- Theatrical release poster
- Directed by: Michela Giraud
- Written by: Michela Giraud; Francesco Marioni; Greta Scicchitano; Marco Vicari;
- Produced by: Stefano Basso; Giuseppe Saccà; Agostino Saccà;
- Starring: Michela Giraud
- Cinematography: Manfredo Archinto
- Edited by: Ilenia Galasso
- Music by: Fabio Frizzi
- Production companies: Eagle Original Content; Pepito Produzioni; Vision Distribution; Amazon Prime Video;
- Release date: 11 April 2024 (Italy);
- Running time: 93 minutes
- Country: Italy
- Language: Italian
- Box office: $206,381

= Flaminia (film) =

2024 Italian comedy film

Flaminia is a 2024 Italian comedy film written and directed by Michela Giraud at her directorial debut.

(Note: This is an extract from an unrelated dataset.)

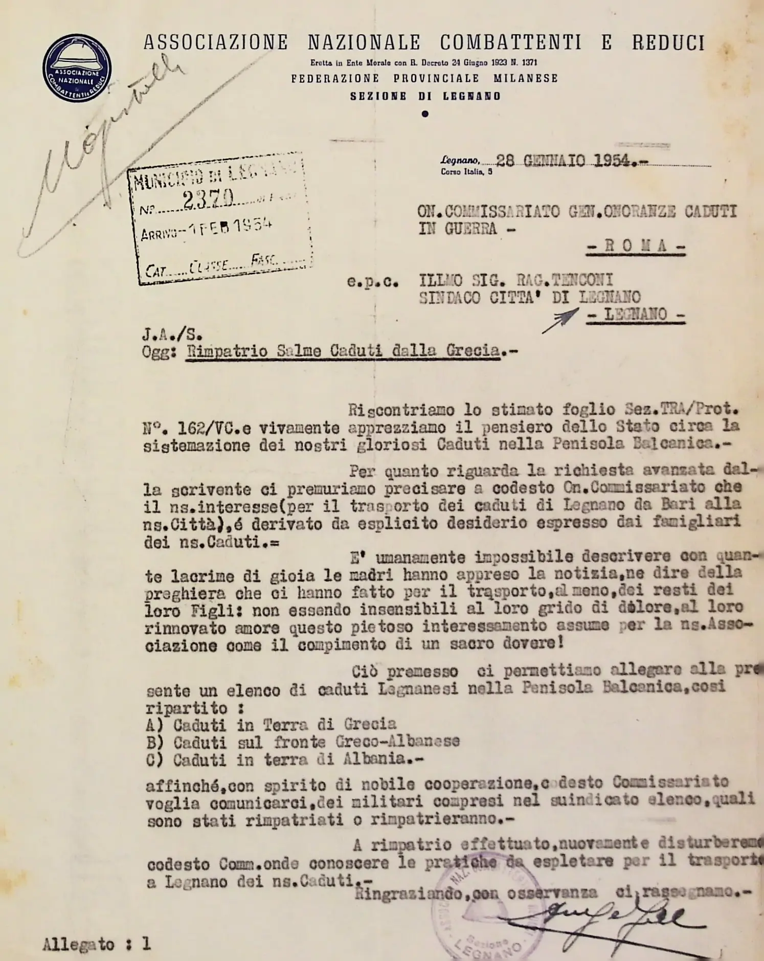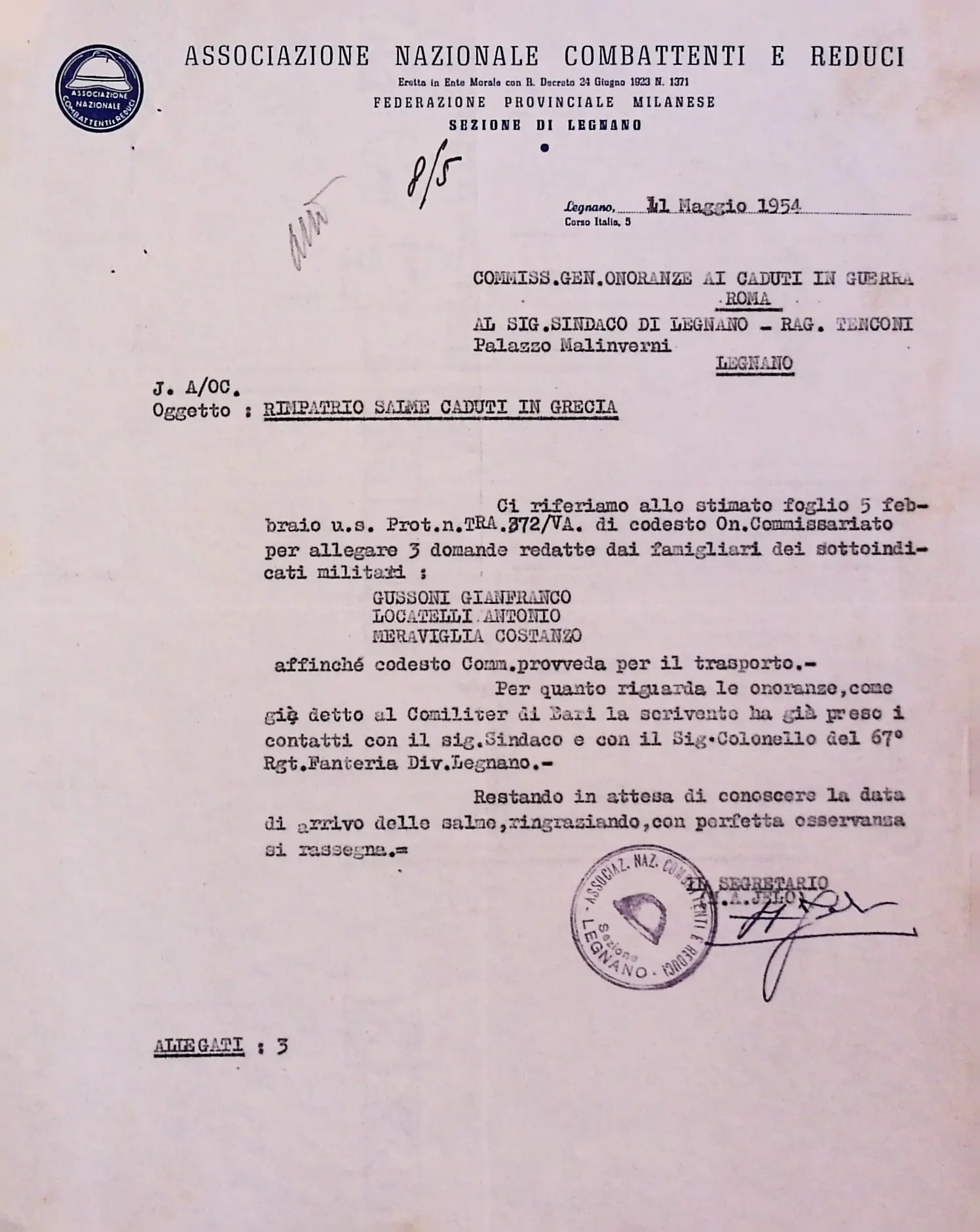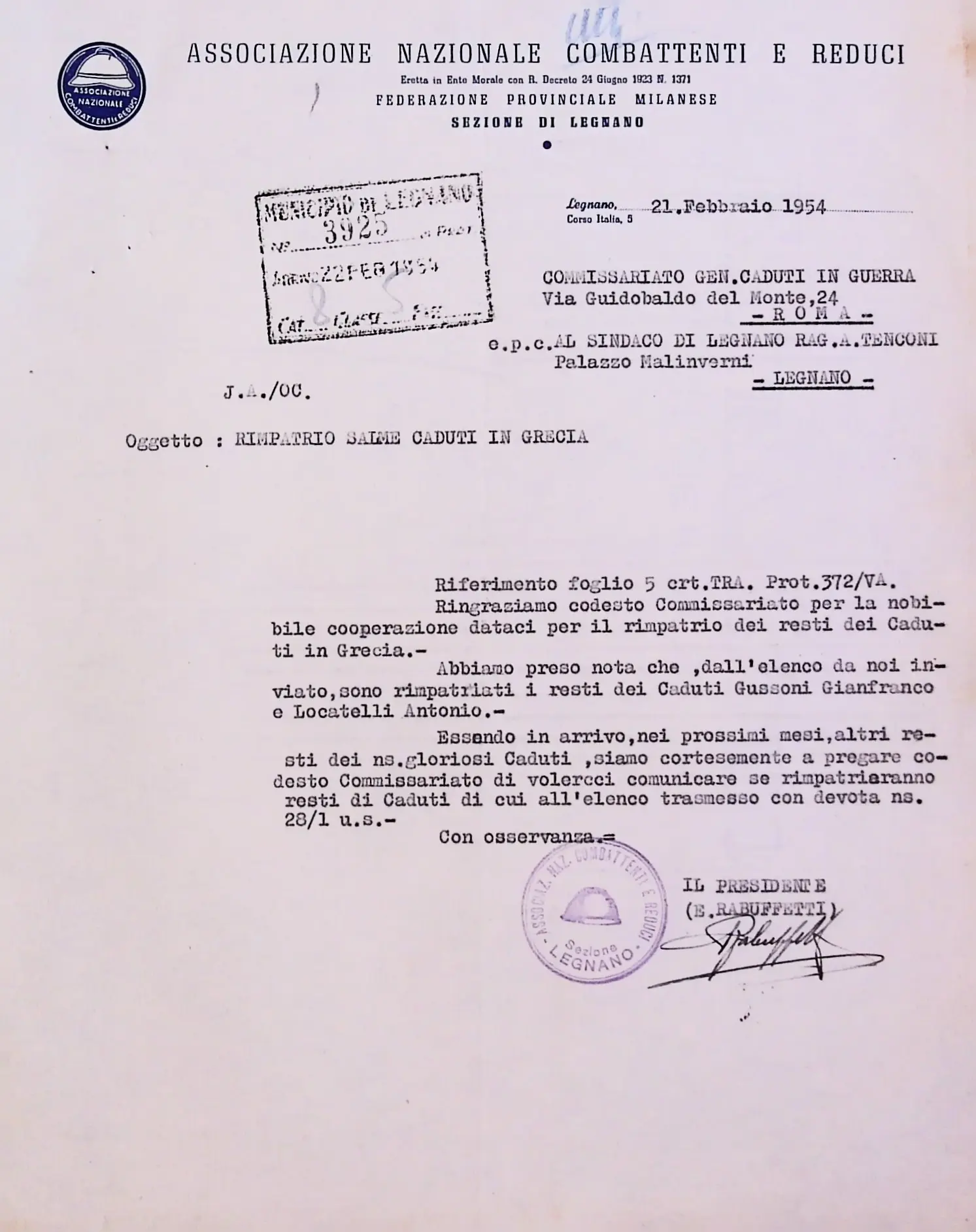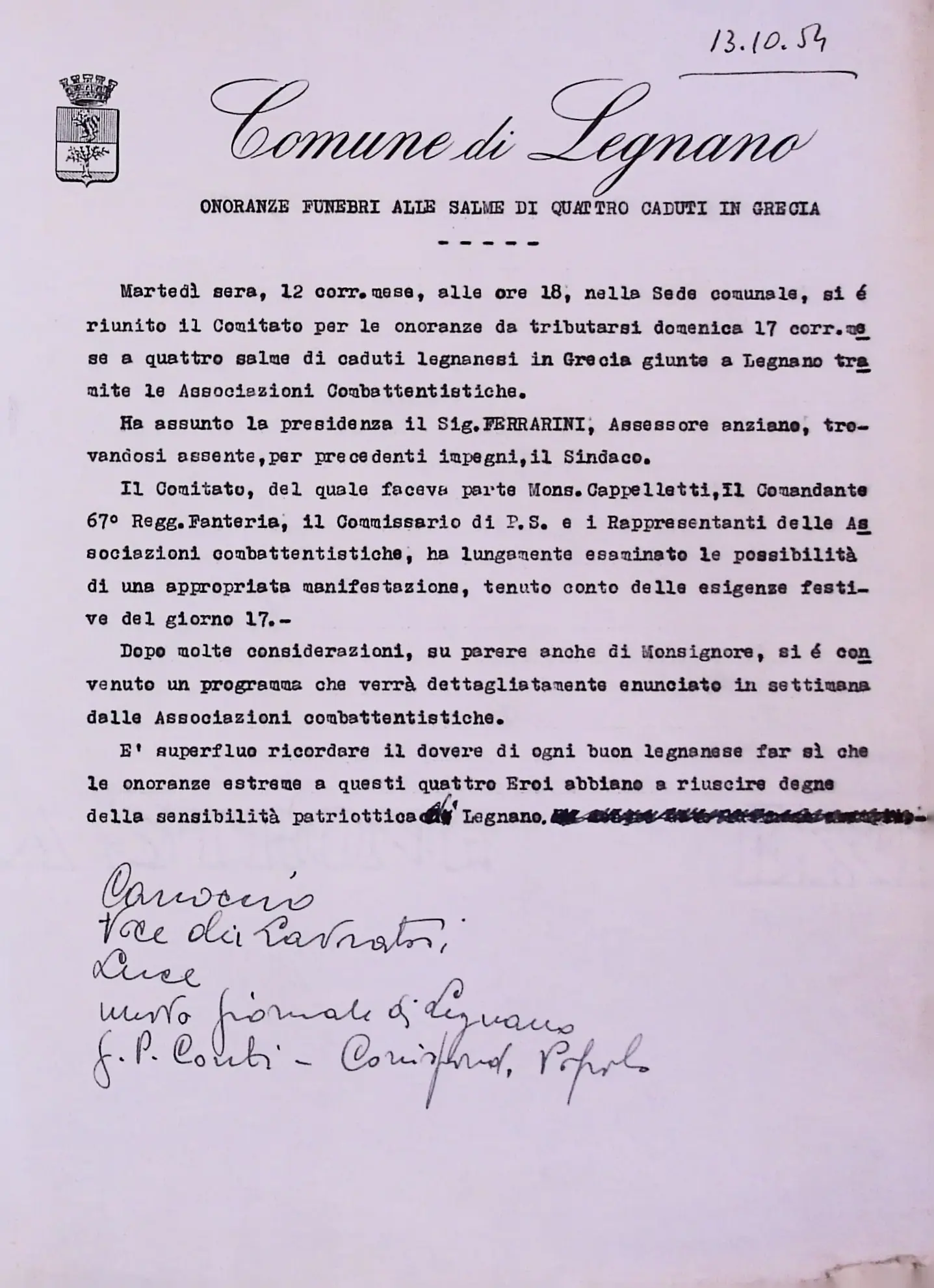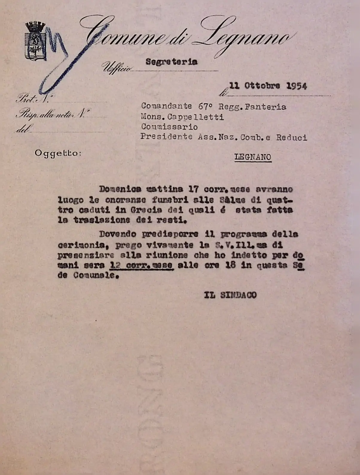 Traslazione e onoranze alle salme dei militari caduti in Grecia

The film was theatrically released in Italy on 11 April 2024.

==Plot==
Flaminia De Angelis is a 30-year-old researcher at La Sapienza University from northern Rome. She is the daughter of Francesca and Guido Maria De Angelis, a plastic surgeon who has become wealthy over the course of his career. Flaminia spends her time with friends Vittoria, Costanza, and Diletta, enjoying fancy clothes, spas, and gyms. However, they don't fully accept her since their families have been rich for generations. Under pressure from her mother, Flaminia is preparing to marry Alberto De Rotier, the son of a well-known diplomat. This marriage would help the De Angelis family climb the social ladder. Even though Flaminia knows Alberto has cheated with her friends and has a drug problem, she remains hopeful and sets a wedding date.

A few weeks before the wedding, Ludovica, Flaminia's half-sister from her father's earlier relationship, arrives unannounced. Ludovica has autism and was kicked out of a therapy center for setting her room on fire. She must now live with the De Angelis family. Flaminia fears that Ludovica will ruin her chances for a better life, so she tries to send her back to the therapy center, refusing to define herself as her sister.

As the two sisters clash due to their different personalities, Flaminia starts to see the lies she has accepted in her life. This causes her to reconnect with the bond they once shared as children.

During Flaminia's bachelorette party, Ludovica has a breakdown at the sight of fire and is admitted to the hospital. Flaminia cuts off her relationship with her friends, who had shown disdain towards Ludovica, and decides to meet her ex-boyfriend, Andrea, who works as a personal trainer at a gym. Flaminia reveals to Andrea that she has never stopped thinking about him. The two kiss, but before having sex, Flaminia leaves. On the wedding day, Flaminia discovers that her mother had Ludovica committed to the therapy center again, so she wouldn't embarrass them on such an important day. Her father brings Flaminia a recording of their favorite song that Ludovica had recorded for her from the therapy center. However, while listening, Flaminia hears one of the nurses verbally abusing Ludovica and realizes that she had been encouraged by him to set the room on fire. Flaminia and her father rush to the therapy center and, after confronting the nurse, are reunited with Ludovica. Flaminia proudly declares that she is Ludovica's sister.